§ Supplied data:
----------
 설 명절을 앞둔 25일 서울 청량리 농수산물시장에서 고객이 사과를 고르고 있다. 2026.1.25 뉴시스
----------
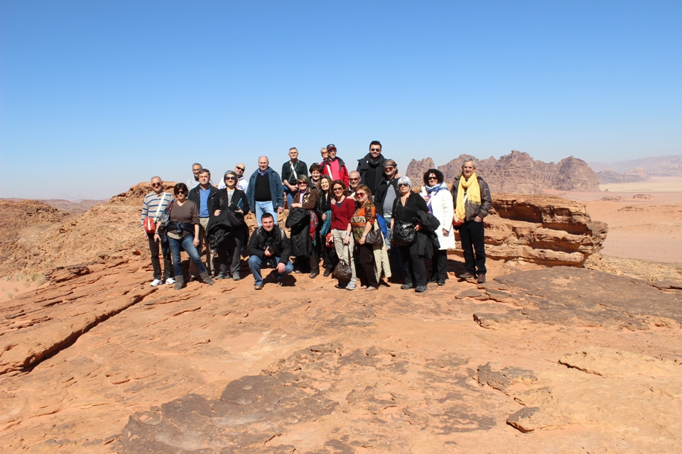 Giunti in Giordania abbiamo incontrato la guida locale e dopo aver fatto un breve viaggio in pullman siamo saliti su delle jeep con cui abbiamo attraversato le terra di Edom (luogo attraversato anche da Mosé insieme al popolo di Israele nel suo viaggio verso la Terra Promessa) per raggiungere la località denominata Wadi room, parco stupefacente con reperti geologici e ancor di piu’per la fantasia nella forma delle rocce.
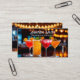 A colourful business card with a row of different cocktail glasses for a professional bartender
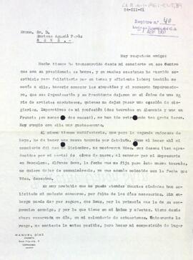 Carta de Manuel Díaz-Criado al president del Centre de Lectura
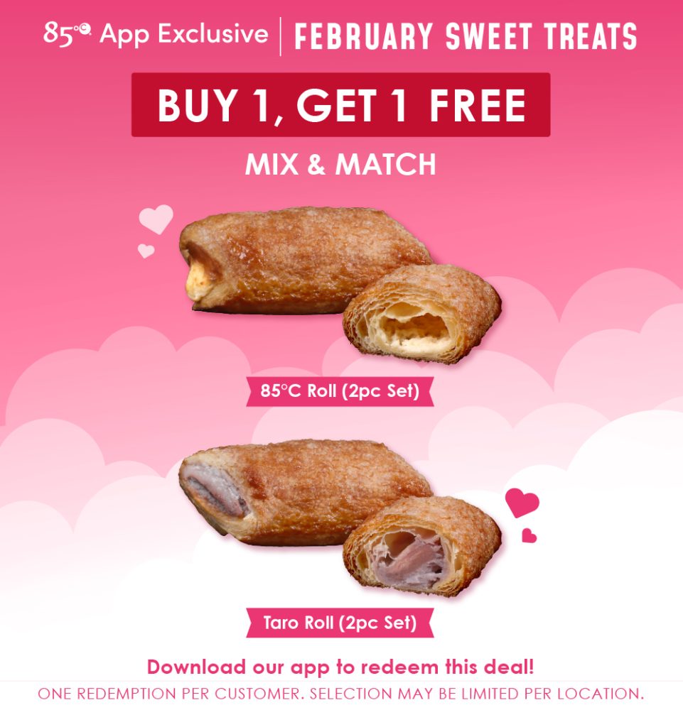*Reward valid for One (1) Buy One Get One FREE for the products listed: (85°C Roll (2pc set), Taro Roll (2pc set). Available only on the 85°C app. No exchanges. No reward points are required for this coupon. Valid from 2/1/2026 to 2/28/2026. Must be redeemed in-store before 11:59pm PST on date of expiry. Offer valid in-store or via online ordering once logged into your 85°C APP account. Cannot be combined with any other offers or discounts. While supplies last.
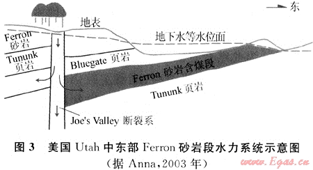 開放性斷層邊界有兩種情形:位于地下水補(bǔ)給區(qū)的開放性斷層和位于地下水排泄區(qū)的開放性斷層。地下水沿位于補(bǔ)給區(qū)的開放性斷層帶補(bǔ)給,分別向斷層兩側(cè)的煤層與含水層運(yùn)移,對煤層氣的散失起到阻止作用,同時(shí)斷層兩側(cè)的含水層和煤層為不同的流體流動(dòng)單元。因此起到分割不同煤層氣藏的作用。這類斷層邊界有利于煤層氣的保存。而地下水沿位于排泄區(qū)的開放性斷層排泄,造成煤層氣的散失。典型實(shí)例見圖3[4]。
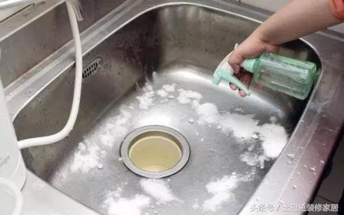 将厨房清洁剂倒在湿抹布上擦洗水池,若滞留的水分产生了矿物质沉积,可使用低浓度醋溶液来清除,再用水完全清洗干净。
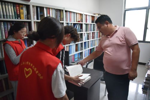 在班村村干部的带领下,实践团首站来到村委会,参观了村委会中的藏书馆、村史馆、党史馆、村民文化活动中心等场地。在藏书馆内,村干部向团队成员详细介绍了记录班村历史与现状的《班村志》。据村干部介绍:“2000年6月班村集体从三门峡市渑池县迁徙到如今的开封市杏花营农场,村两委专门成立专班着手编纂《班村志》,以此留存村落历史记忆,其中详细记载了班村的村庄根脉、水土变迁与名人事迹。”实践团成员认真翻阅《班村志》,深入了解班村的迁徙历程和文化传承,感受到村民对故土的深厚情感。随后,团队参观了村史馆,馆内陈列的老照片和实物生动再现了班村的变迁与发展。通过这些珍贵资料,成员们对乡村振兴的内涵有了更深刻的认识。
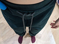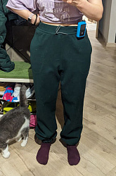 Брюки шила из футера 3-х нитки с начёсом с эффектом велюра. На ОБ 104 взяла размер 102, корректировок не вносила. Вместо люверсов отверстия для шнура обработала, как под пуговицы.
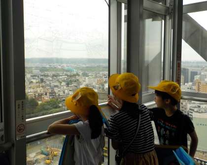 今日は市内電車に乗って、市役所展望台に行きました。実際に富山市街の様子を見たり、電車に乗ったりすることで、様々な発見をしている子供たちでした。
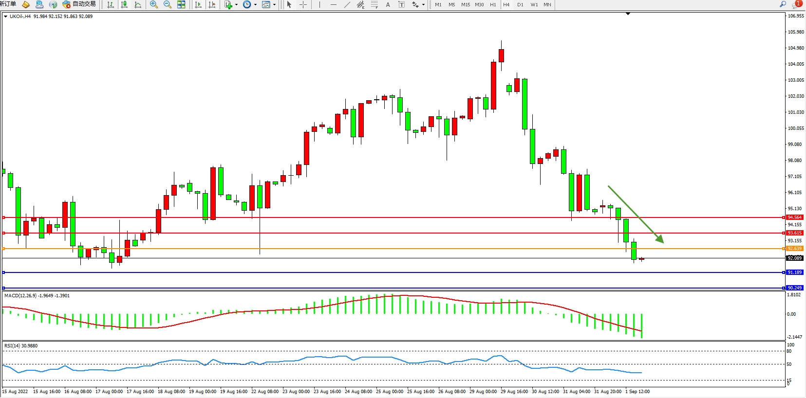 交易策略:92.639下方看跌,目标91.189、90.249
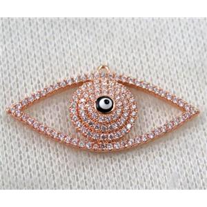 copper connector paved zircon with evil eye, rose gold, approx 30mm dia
----------
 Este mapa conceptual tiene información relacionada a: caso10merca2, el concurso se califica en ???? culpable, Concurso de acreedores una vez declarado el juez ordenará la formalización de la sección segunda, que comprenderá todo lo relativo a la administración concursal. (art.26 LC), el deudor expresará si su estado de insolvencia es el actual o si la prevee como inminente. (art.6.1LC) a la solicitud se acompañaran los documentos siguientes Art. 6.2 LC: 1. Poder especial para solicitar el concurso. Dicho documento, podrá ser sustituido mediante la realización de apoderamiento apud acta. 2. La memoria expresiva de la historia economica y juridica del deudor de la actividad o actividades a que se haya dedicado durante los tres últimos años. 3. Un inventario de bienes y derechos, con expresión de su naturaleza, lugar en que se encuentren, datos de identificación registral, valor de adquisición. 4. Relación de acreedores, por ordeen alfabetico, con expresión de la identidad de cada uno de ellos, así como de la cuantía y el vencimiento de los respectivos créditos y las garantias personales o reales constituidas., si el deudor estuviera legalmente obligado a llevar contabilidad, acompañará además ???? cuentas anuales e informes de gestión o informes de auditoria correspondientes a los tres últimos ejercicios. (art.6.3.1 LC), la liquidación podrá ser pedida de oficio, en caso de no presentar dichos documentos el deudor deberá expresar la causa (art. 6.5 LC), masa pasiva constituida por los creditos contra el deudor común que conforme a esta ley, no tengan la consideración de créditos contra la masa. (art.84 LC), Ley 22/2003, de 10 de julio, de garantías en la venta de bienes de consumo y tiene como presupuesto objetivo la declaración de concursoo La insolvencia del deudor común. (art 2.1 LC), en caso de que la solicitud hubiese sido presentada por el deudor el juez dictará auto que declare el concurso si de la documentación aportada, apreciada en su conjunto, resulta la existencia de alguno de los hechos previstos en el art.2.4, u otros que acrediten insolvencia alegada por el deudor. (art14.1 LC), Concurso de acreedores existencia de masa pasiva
----------
§ Task prompt:
Only the lines above from the one containing "Giunti in Giordania" through the one containing "将厨房清洁剂倒在湿抹布上擦洗" should be returned, verbatim and inclusive, with pictures excluded.

§ Written answer:
 Giunti in Giordania abbiamo incontrato la guida locale e dopo aver fatto un breve viaggio in pullman siamo saliti su delle jeep con cui abbiamo attraversato le terra di Edom (luogo attraversato anche da Mosé insieme al popolo di Israele nel suo viaggio verso la Terra Promessa) per raggiungere la località denominata Wadi room, parco stupefacente con reperti geologici e ancor di piu’per la fantasia nella forma delle rocce.
 A colourful business card with a row of different cocktail glasses for a professional bartender
 Carta de Manuel Díaz-Criado al president del Centre de Lectura
*Reward valid for One (1) Buy One Get One FREE for the products listed: (85°C Roll (2pc set), Taro Roll (2pc set). Available only on the 85°C app. No exchanges. No reward points are required for this coupon. Valid from 2/1/2026 to 2/28/2026. Must be redeemed in-store before 11:59pm PST on date of expiry. Offer valid in-store or via online ordering once logged into your 85°C APP account. Cannot be combined with any other offers or discounts. While supplies last.
 開放性斷層邊界有兩種情形:位于地下水補(bǔ)給區(qū)的開放性斷層和位于地下水排泄區(qū)的開放性斷層。地下水沿位于補(bǔ)給區(qū)的開放性斷層帶補(bǔ)給,分別向斷層兩側(cè)的煤層與含水層運(yùn)移,對煤層氣的散失起到阻止作用,同時(shí)斷層兩側(cè)的含水層和煤層為不同的流體流動(dòng)單元。因此起到分割不同煤層氣藏的作用。這類斷層邊界有利于煤層氣的保存。而地下水沿位于排泄區(qū)的開放性斷層排泄,造成煤層氣的散失。典型實(shí)例見圖3[4]。
 将厨房清洁剂倒在湿抹布上擦洗水池,若滞留的水分产生了矿物质沉积,可使用低浓度醋溶液来清除,再用水完全清洗干净。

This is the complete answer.